Start of Dataset records
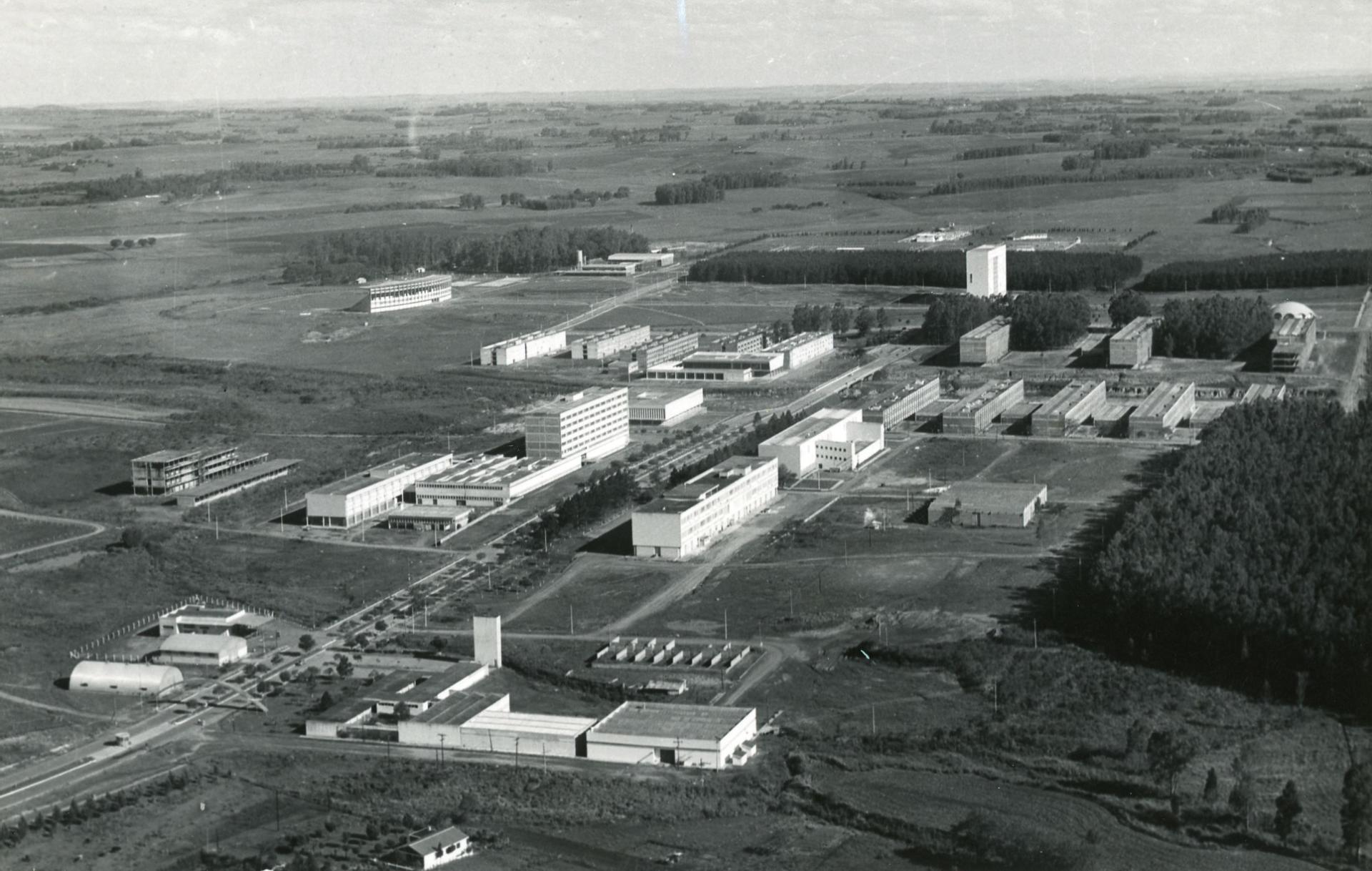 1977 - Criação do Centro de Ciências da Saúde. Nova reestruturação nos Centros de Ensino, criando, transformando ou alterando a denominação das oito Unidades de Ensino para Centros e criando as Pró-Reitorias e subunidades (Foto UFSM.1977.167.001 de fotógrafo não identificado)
End of Dataset records
Start of Dataset records
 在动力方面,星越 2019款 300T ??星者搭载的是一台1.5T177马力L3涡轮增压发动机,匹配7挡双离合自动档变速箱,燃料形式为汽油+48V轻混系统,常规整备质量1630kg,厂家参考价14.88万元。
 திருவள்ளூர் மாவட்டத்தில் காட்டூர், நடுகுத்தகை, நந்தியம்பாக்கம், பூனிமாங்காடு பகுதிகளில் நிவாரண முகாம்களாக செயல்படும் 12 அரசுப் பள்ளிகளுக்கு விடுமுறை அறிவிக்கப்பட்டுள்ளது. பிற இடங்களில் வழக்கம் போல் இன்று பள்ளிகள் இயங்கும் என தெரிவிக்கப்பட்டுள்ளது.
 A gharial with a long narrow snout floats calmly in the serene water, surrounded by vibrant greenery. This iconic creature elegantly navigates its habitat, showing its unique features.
End of Dataset records
**What needs to be done:** Look above for the line holding "在动力方面,星越 2019款 300T", then set down exactly that line and every line after it up to and including the line holding "A gharial with", with nothing else.

**Solution:**
 在动力方面,星越 2019款 300T ??星者搭载的是一台1.5T177马力L3涡轮增压发动机,匹配7挡双离合自动档变速箱,燃料形式为汽油+48V轻混系统,常规整备质量1630kg,厂家参考价14.88万元。
 திருவள்ளூர் மாவட்டத்தில் காட்டூர், நடுகுத்தகை, நந்தியம்பாக்கம், பூனிமாங்காடு பகுதிகளில் நிவாரண முகாம்களாக செயல்படும் 12 அரசுப் பள்ளிகளுக்கு விடுமுறை அறிவிக்கப்பட்டுள்ளது. பிற இடங்களில் வழக்கம் போல் இன்று பள்ளிகள் இயங்கும் என தெரிவிக்கப்பட்டுள்ளது.
 A gharial with a long narrow snout floats calmly in the serene water, surrounded by vibrant greenery. This iconic creature elegantly navigates its habitat, showing its unique features.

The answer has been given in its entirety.